2. The method for preparing sulfur-doped bi-regulated V2C support loaded platinum electrocatalytic material for alkaline hydrogen evolution reaction according to claim 1, characterized in that In step (1), the hydrothermal reaction temperature is 80~100℃ and the time is 48~96 h.

3. The method for preparing sulfur-doped bi-regulated V2C support loaded platinum electrocatalytic material for alkaline hydrogen evolution reaction according to claim 1, characterized in that In step (1), the vacuum drying temperature is 60~80℃ and the time is 10~15 h.

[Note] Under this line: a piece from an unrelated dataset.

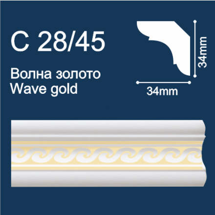 Плинтус потолочный экструд. Солид С28/45 с печ. Волна/золото 30х30ммх2м

4. The method for preparing a sulfur-doped dual-regulated V2C support platinum electrocatalytic material for alkaline hydrogen evolution reaction according to claim 1, characterized in that... In step (2), the protective atmosphere is high-purity nitrogen, and the heating rate is 5~10℃ / min.

5. The method for preparing a sulfur-doped dual-regulated V2C-supported platinum electrocatalytic material for alkaline hydrogen evolution reaction according to claim 1, characterized in that... In step (3), the volume ratio of ethylene glycol to water in the ethylene glycol-water mixed solvent is 67:

33.

6. The method for preparing a sulfur-doped dual-regulated V2C-supported platinum electrocatalytic material for alkaline hydrogen evolution reaction according to claim 1, characterized in that... In step (3), the concentration of chloroplatinic acid is 3 mM.

7. The method for preparing a sulfur-doped dual-regulated V2C support platinum electrocatalytic material for alkaline hydrogen evolution reaction according to claim 1, characterized in that... In step (3), Pt in the Pt@V5S8-V2C electrocatalytic material is uniformly dispersed in the form of nanoparticles with a particle size of 0.9~4.5 nm.

8. The application of a sulfur-doped dual-regulated V2C support platinum electrocatalyst material prepared by the method of any one of claims 1-7 in the alkaline water electrolysis hydrogen evolution reaction.